Friedberg Iddo, Radivojac Predrag
Department of Veterinary Microbiology and Preventive Medicine, Iowa State University, Ames, IA, USA.
Department of Computer Science and Informatics, Indiana University, Bloomington, IN, USA.
Methods Mol Biol. 2017;1446:133-146. doi: 10.1007/978-1-4939-3743-1_10.

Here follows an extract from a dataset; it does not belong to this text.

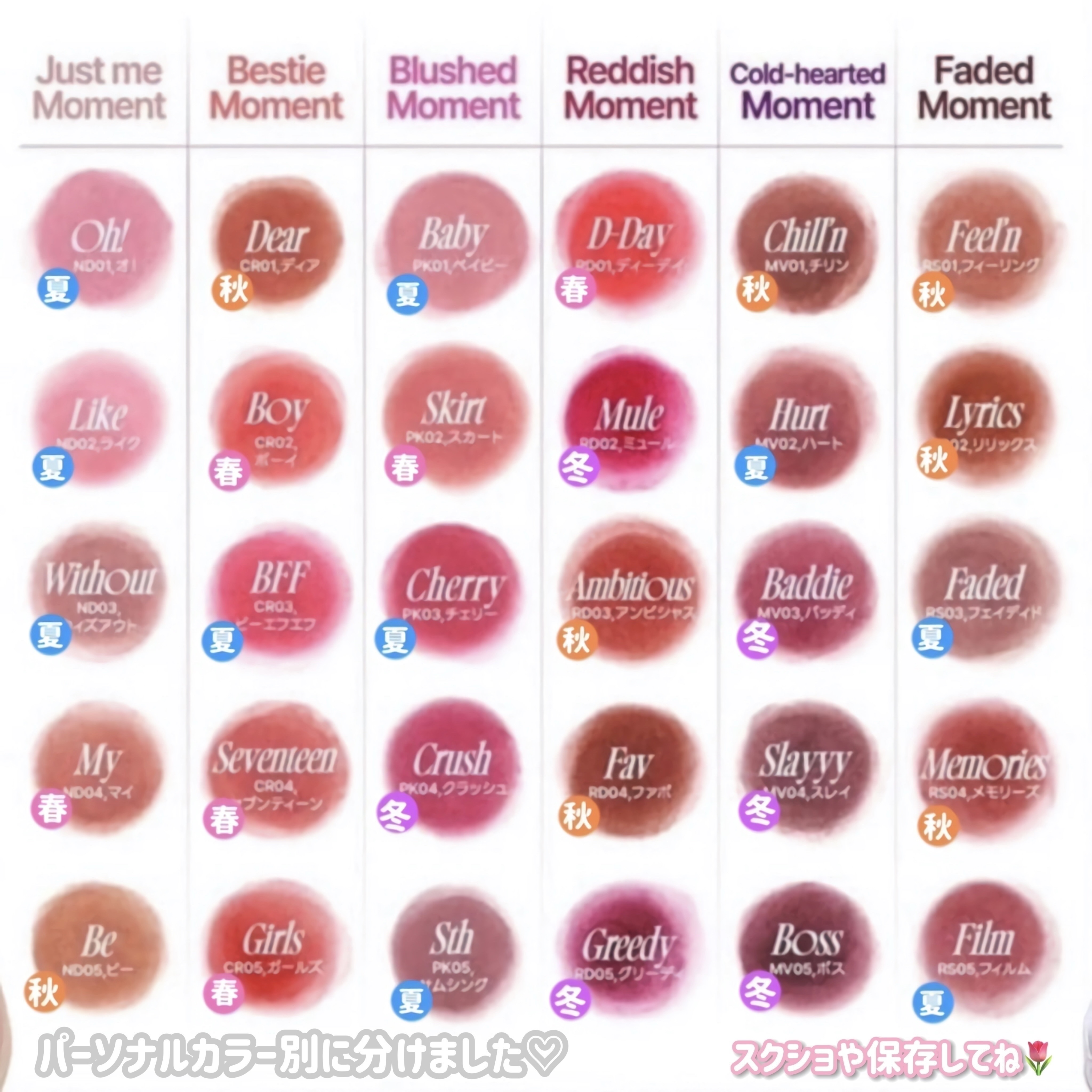 - <CR01 ディア> ダイメジメチコン、(ジメチコン/ビニルジメチコン)クロスポリマー、トリベヘニン、トリイソステアリン酸ポリグリセリル-2、リンゴ酸ジイソステアリル、合成フルオロフロゴパイト、二酸化チタン(CI 77891)、黄色酸化鉄(CI 77492)、カカオシードバター、ブルーアガベ葉エキス、セチルPEG/PPG-10/1ダイメチコン、イソステアリン酸ソルビタン、ビニルジメチコン/メチコンシルセスキオキサン)クロスポリマー、ポリヒドロキシステアリック酸、ジステアルジモニウムヘクトライト、パルミチン酸エチルヘキシル、ラウロイルサルコシン酸ナトリウム、アイソステアリック酸、レシチン、ジイソステアリン酸ポリグリセリル-2、ポリリシノレイン酸ポリグリセリル-3、クエン酸トリエチル、カプリリルグリコール、カプリル酸グリセリル、BG、精製水、香料、黄色5号(CI 15985)、赤色酸化鉄(CI 77491)、赤202(CI 15850)、黒色酸化鉄(CI 77499) <CR02 ボーイ> ダイメジメチコン、(ジメチコン/ビニルジメチコン)クロスポリマー、トリベヘニン、合成フルオロフロゴパイト、リンゴ酸ジイソステアリル、二酸化チタン(CI 77891)、トリイソステアリン酸ポリグリセリル-2、カカオシードバター、ブルーアガベ葉エキス、セチルPEG/PPG-10/1ダイメチコン、イソステアリン酸ソルビタン、ビニルジメチコン/メチコンシルセスキオキサン)クロスポリマー、ポリヒドロキシステアリック酸、ジステアルジモニウムヘクトライト、ジイソステアリン酸ポリグリセリル-2、パルミチン酸エチルヘキシル、ラウロイルサルコシン酸ナトリウム、アイソステアリック酸、レシチン、ポリリシノレイン酸ポリグリセリル-3、クエン酸トリエチル、カプリリルグリコール、カプリル酸グリセリル、BG、精製水、香料、黄色5号(CI 15985)、赤色104号(1) (CI 45410)、赤色酸化鉄(CI 77491)、赤202(CI 15850)、黄色4号(CI 19140) <CR03 ビーエフエフ> ダイメジメチコン、(ジメチコン/ビニルジメチコン)クロスポリマー、トリベヘニン、トリイソステアリン酸ポリグリセリル-2、リンゴ酸ジイソステアリル、合成フルオロフロゴパイト、二酸化チタン(CI 77891)、赤色104号(1) (CI 45410)、カカオシードバター、ブルーアガベ葉エキス、セチルPEG/PPG-10/1ダイメチコン、イソステアリン酸ソルビタン、ビニルジメチコン/メチコンシルセスキオキサン)クロスポリマー、ポリヒドロキシステアリック酸、ジイソステアリン酸ポリグリセリル-2、ジステアルジモニウムヘクトライト、パルミチン酸エチルヘキシル、ラウロイルサルコシン酸ナトリウム、アイソステアリック酸、レシチン、ポリリシノレイン酸ポリグリセリル-3、クエン酸トリエチル、カプリリルグリコール、カプリル酸グリセリル、BG、精製水、香料、黄色4号(CI 19140)、黄色酸化鉄(CI 77492)、赤202(CI 15850)、赤色201号 (CI 15850) <CR04 セブンティーン> ダイメジメチコン、(ジメチコン/ビニルジメチコン)クロスポリマー、トリベヘニン、リンゴ酸ジイソステアリル、トリイソステアリン酸ポリグリセリル-2、合成フルオロフロゴパイト、二酸化チタン、カカオシードバター、ブルーアガベ葉エキス、セチルPEG/PPG-10/1ダイメチコン、イソステアリン酸ソルビタン、ビニルジメチコン/メチコンシルセスキオキサン)クロスポリマー、ポリヒドロキシステアリック酸、ジステアルジモニウムヘクトライト、ジイソステアリン酸ポリグリセリル-2、パルミチン酸エチルヘキシル、ラウロイルサルコシン酸ナトリウム、アイソステアリック酸、レシチン、ポリリシノレイン酸ポリグリセリル-3、クエン酸トリエチル、カプリリルグリコール、カプリル酸グリセリル、BG、精製水、香料、赤色酸化鉄、赤色201号、黄色4号、赤色202号、黄色酸化鉄 <CR05 ガールズ> ダイメジメチコン、(ジメチコン/ビニルジメチコン)クロスポリマー、トリベヘニン、トリイソステアリン酸ポリグリセリル-2、合成フルオロフロゴパイト、黄色5号(CI 15985)、リンゴ酸ジイソステアリル、カカオシードバター、ブルーアガベ葉エキス、セチルPEG/PPG-10/1ダイメチコン、イソステアリン酸ソルビタン、ビニルジメチコン/メチコンシルセスキオキサン)クロスポリマー、ポリヒドロキシステアリック酸、ジイソステアリン酸ポリグリセリル-2、ジステアルジモニウムヘクトライト、パルミチン酸エチルヘキシル、ラウロイルサルコシン酸ナトリウム、アイソステアリック酸、レシチン、ポリリシノレイン酸ポリグリセリル-3、クエン酸トリエチル、カプリリルグリコール、カプリル酸グリセリル、BG、精製水、香料、黄色4号(CI 19140)、赤202(CI 15850)、二酸化チタン(CI 77891)、赤色201号 (CI 15850) <MV01 チリン> ダイメジメチコン、(ジメチコン/ビニルジメチコン)クロスポリマー、トリベヘニン、トリイソステアリン酸ポリグリセリル-2、リンゴ酸ジイソステアリル、合成フルオロフロゴパイト、酸化チタン (CI 77891)、赤色酸化鉄(CI 77491)、黄色酸化鉄(CI 77492)、カカオシードバター、ブルーアガベ葉エキス、セチルPEG/PPG-10/1ダイメチコン、イソス

A biological experiment is the most reliable way of assigning function to a protein. However, in the era of high-throughput sequencing, scientists are unable to carry out experiments to determine the function of every single gene product. Therefore, to gain insights into the activity of these molecules and guide experiments, we must rely on computational means to functionally annotate the majority of sequence data. To understand how well these algorithms perform, we have established a challenge involving a broad scientific community in which we evaluate different annotation methods according to their ability to predict the associations between previously unannotated protein sequences and Gene Ontology terms. Here we discuss the rationale, benefits, and issues associated with evaluating computational methods in an ongoing community-wide challenge.
生物学实验是确定蛋白质功能最可靠的方法。然而,在高通量测序时代,科学家无法对每一个基因产物进行功能实验测定。因此,为了深入了解这些分子的活性并指导实验,我们必须依靠计算方法对大部分序列数据进行功能注释。为了了解这些算法的性能,我们发起了一项面向广大科学界的挑战,根据不同注释方法预测先前未注释的蛋白质序列与基因本体术语之间关联的能力来评估它们。在此,我们讨论在一个持续进行的全社区范围内的挑战中评估计算方法所涉及的基本原理、益处及相关问题。